───── RECORDS TO PROCESS
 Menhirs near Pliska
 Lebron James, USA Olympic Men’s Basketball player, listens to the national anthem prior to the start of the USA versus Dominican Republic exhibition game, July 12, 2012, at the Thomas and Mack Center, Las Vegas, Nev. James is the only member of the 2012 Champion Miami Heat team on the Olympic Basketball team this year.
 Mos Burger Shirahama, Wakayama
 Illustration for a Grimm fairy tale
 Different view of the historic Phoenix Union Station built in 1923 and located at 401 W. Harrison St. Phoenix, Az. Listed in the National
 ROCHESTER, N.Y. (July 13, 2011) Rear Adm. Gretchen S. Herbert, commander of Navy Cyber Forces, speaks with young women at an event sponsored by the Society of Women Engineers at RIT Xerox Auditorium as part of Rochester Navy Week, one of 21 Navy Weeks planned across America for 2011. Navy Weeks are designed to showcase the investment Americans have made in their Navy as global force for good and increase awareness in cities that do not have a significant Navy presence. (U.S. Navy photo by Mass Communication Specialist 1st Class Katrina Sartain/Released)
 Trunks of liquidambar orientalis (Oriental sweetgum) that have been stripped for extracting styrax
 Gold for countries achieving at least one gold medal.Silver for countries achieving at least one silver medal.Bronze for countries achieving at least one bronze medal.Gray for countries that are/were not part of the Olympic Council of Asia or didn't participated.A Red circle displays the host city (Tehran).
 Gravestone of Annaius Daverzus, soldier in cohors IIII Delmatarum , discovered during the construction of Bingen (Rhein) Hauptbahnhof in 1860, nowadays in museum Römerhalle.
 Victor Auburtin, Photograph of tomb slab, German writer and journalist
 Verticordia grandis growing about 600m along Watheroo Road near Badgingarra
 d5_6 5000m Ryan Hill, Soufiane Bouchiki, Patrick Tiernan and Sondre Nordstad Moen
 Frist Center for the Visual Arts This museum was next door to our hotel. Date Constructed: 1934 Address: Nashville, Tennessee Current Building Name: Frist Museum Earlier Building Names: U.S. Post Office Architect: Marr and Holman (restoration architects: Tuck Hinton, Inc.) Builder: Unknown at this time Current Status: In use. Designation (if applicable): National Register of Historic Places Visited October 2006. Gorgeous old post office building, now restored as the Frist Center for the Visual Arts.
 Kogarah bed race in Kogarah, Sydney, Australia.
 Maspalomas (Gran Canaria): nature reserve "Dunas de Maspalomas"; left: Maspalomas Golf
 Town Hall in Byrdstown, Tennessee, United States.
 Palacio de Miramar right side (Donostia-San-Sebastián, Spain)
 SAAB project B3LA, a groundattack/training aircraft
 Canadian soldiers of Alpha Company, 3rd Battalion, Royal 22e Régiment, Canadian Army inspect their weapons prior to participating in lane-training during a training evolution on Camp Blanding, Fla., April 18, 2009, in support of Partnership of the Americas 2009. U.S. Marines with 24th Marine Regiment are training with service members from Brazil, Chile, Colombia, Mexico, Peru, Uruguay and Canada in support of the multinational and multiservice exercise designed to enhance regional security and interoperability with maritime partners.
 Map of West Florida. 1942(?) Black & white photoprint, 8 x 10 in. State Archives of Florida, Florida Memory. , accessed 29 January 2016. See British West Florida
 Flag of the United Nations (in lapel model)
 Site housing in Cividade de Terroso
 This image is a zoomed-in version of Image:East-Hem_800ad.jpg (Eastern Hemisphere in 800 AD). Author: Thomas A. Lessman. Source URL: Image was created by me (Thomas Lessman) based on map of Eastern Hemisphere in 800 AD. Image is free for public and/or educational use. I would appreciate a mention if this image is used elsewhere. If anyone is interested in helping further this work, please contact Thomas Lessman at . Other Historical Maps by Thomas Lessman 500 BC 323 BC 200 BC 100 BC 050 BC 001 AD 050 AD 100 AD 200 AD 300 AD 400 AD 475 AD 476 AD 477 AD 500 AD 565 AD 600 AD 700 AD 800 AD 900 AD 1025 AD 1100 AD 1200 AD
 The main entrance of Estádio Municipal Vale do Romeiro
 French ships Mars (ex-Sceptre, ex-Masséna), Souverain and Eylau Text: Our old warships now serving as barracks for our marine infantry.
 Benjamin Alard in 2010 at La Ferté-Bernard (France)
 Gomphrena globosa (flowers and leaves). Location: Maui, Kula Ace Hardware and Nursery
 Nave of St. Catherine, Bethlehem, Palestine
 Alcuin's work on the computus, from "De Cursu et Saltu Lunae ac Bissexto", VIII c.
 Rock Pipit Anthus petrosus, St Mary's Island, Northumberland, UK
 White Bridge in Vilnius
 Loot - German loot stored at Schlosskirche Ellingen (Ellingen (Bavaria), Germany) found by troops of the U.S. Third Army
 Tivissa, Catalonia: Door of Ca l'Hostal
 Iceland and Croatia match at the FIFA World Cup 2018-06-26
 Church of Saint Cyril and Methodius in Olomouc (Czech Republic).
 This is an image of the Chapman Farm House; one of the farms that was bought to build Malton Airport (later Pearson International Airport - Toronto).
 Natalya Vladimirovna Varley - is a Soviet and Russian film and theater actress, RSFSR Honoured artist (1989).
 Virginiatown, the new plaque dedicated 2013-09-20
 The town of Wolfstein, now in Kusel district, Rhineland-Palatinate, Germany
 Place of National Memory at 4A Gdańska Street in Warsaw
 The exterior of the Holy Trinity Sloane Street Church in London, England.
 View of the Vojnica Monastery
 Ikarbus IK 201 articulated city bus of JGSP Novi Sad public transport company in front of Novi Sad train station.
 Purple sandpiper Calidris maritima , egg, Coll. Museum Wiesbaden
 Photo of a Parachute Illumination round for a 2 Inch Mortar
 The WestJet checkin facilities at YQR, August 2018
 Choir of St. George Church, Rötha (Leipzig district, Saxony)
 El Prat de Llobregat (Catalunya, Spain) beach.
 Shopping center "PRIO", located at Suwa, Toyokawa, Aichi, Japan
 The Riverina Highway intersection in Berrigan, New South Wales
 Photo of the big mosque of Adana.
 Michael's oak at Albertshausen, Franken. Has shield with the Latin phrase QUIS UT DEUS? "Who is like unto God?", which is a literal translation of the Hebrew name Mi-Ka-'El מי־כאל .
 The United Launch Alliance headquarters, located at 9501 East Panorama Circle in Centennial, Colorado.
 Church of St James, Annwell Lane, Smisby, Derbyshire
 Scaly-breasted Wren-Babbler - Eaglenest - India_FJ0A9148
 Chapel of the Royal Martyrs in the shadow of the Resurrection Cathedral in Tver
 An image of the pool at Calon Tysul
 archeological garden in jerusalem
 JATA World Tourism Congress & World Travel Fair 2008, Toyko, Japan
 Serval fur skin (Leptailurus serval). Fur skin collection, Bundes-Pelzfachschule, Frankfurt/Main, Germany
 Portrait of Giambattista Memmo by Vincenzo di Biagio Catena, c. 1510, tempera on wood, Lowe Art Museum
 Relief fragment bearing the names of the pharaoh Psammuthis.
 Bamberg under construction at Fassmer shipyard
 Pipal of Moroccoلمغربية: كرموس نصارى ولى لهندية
──────────
• **EXERCISE DESCRIPTION**
Print the entire set of records again, exactly.

• **THE ANSWER**
 Menhirs near Pliska
 Lebron James, USA Olympic Men’s Basketball player, listens to the national anthem prior to the start of the USA versus Dominican Republic exhibition game, July 12, 2012, at the Thomas and Mack Center, Las Vegas, Nev. James is the only member of the 2012 Champion Miami Heat team on the Olympic Basketball team this year.
 Mos Burger Shirahama, Wakayama
 Illustration for a Grimm fairy tale
 Different view of the historic Phoenix Union Station built in 1923 and located at 401 W. Harrison St. Phoenix, Az. Listed in the National
 ROCHESTER, N.Y. (July 13, 2011) Rear Adm. Gretchen S. Herbert, commander of Navy Cyber Forces, speaks with young women at an event sponsored by the Society of Women Engineers at RIT Xerox Auditorium as part of Rochester Navy Week, one of 21 Navy Weeks planned across America for 2011. Navy Weeks are designed to showcase the investment Americans have made in their Navy as global force for good and increase awareness in cities that do not have a significant Navy presence. (U.S. Navy photo by Mass Communication Specialist 1st Class Katrina Sartain/Released)
 Trunks of liquidambar orientalis (Oriental sweetgum) that have been stripped for extracting styrax
 Gold for countries achieving at least one gold medal.Silver for countries achieving at least one silver medal.Bronze for countries achieving at least one bronze medal.Gray for countries that are/were not part of the Olympic Council of Asia or didn't participated.A Red circle displays the host city (Tehran).
 Gravestone of Annaius Daverzus, soldier in cohors IIII Delmatarum , discovered during the construction of Bingen (Rhein) Hauptbahnhof in 1860, nowadays in museum Römerhalle.
 Victor Auburtin, Photograph of tomb slab, German writer and journalist
 Verticordia grandis growing about 600m along Watheroo Road near Badgingarra
 d5_6 5000m Ryan Hill, Soufiane Bouchiki, Patrick Tiernan and Sondre Nordstad Moen
 Frist Center for the Visual Arts This museum was next door to our hotel. Date Constructed: 1934 Address: Nashville, Tennessee Current Building Name: Frist Museum Earlier Building Names: U.S. Post Office Architect: Marr and Holman (restoration architects: Tuck Hinton, Inc.) Builder: Unknown at this time Current Status: In use. Designation (if applicable): National Register of Historic Places Visited October 2006. Gorgeous old post office building, now restored as the Frist Center for the Visual Arts.
 Kogarah bed race in Kogarah, Sydney, Australia.
 Maspalomas (Gran Canaria): nature reserve "Dunas de Maspalomas"; left: Maspalomas Golf
 Town Hall in Byrdstown, Tennessee, United States.
 Palacio de Miramar right side (Donostia-San-Sebastián, Spain)
 SAAB project B3LA, a groundattack/training aircraft
 Canadian soldiers of Alpha Company, 3rd Battalion, Royal 22e Régiment, Canadian Army inspect their weapons prior to participating in lane-training during a training evolution on Camp Blanding, Fla., April 18, 2009, in support of Partnership of the Americas 2009. U.S. Marines with 24th Marine Regiment are training with service members from Brazil, Chile, Colombia, Mexico, Peru, Uruguay and Canada in support of the multinational and multiservice exercise designed to enhance regional security and interoperability with maritime partners.
 Map of West Florida. 1942(?) Black & white photoprint, 8 x 10 in. State Archives of Florida, Florida Memory. , accessed 29 January 2016. See British West Florida
 Flag of the United Nations (in lapel model)
 Site housing in Cividade de Terroso
 This image is a zoomed-in version of Image:East-Hem_800ad.jpg (Eastern Hemisphere in 800 AD). Author: Thomas A. Lessman. Source URL: Image was created by me (Thomas Lessman) based on map of Eastern Hemisphere in 800 AD. Image is free for public and/or educational use. I would appreciate a mention if this image is used elsewhere. If anyone is interested in helping further this work, please contact Thomas Lessman at . Other Historical Maps by Thomas Lessman 500 BC 323 BC 200 BC 100 BC 050 BC 001 AD 050 AD 100 AD 200 AD 300 AD 400 AD 475 AD 476 AD 477 AD 500 AD 565 AD 600 AD 700 AD 800 AD 900 AD 1025 AD 1100 AD 1200 AD
 The main entrance of Estádio Municipal Vale do Romeiro
 French ships Mars (ex-Sceptre, ex-Masséna), Souverain and Eylau Text: Our old warships now serving as barracks for our marine infantry.
 Benjamin Alard in 2010 at La Ferté-Bernard (France)
 Gomphrena globosa (flowers and leaves). Location: Maui, Kula Ace Hardware and Nursery
 Nave of St. Catherine, Bethlehem, Palestine
 Alcuin's work on the computus, from "De Cursu et Saltu Lunae ac Bissexto", VIII c.
 Rock Pipit Anthus petrosus, St Mary's Island, Northumberland, UK
 White Bridge in Vilnius
 Loot - German loot stored at Schlosskirche Ellingen (Ellingen (Bavaria), Germany) found by troops of the U.S. Third Army
 Tivissa, Catalonia: Door of Ca l'Hostal
 Iceland and Croatia match at the FIFA World Cup 2018-06-26
 Church of Saint Cyril and Methodius in Olomouc (Czech Republic).
 This is an image of the Chapman Farm House; one of the farms that was bought to build Malton Airport (later Pearson International Airport - Toronto).
 Natalya Vladimirovna Varley - is a Soviet and Russian film and theater actress, RSFSR Honoured artist (1989).
 Virginiatown, the new plaque dedicated 2013-09-20
 The town of Wolfstein, now in Kusel district, Rhineland-Palatinate, Germany
 Place of National Memory at 4A Gdańska Street in Warsaw
 The exterior of the Holy Trinity Sloane Street Church in London, England.
 View of the Vojnica Monastery
 Ikarbus IK 201 articulated city bus of JGSP Novi Sad public transport company in front of Novi Sad train station.
 Purple sandpiper Calidris maritima , egg, Coll. Museum Wiesbaden
 Photo of a Parachute Illumination round for a 2 Inch Mortar
 The WestJet checkin facilities at YQR, August 2018
 Choir of St. George Church, Rötha (Leipzig district, Saxony)
 El Prat de Llobregat (Catalunya, Spain) beach.
 Shopping center "PRIO", located at Suwa, Toyokawa, Aichi, Japan
 The Riverina Highway intersection in Berrigan, New South Wales
 Photo of the big mosque of Adana.
 Michael's oak at Albertshausen, Franken. Has shield with the Latin phrase QUIS UT DEUS? "Who is like unto God?", which is a literal translation of the Hebrew name Mi-Ka-'El מי־כאל .
 The United Launch Alliance headquarters, located at 9501 East Panorama Circle in Centennial, Colorado.
 Church of St James, Annwell Lane, Smisby, Derbyshire
 Scaly-breasted Wren-Babbler - Eaglenest - India_FJ0A9148
 Chapel of the Royal Martyrs in the shadow of the Resurrection Cathedral in Tver
 An image of the pool at Calon Tysul
 archeological garden in jerusalem
 JATA World Tourism Congress & World Travel Fair 2008, Toyko, Japan
 Serval fur skin (Leptailurus serval). Fur skin collection, Bundes-Pelzfachschule, Frankfurt/Main, Germany
 Portrait of Giambattista Memmo by Vincenzo di Biagio Catena, c. 1510, tempera on wood, Lowe Art Museum
 Relief fragment bearing the names of the pharaoh Psammuthis.
 Bamberg under construction at Fassmer shipyard
 Pipal of Moroccoلمغربية: كرموس نصارى ولى لهندية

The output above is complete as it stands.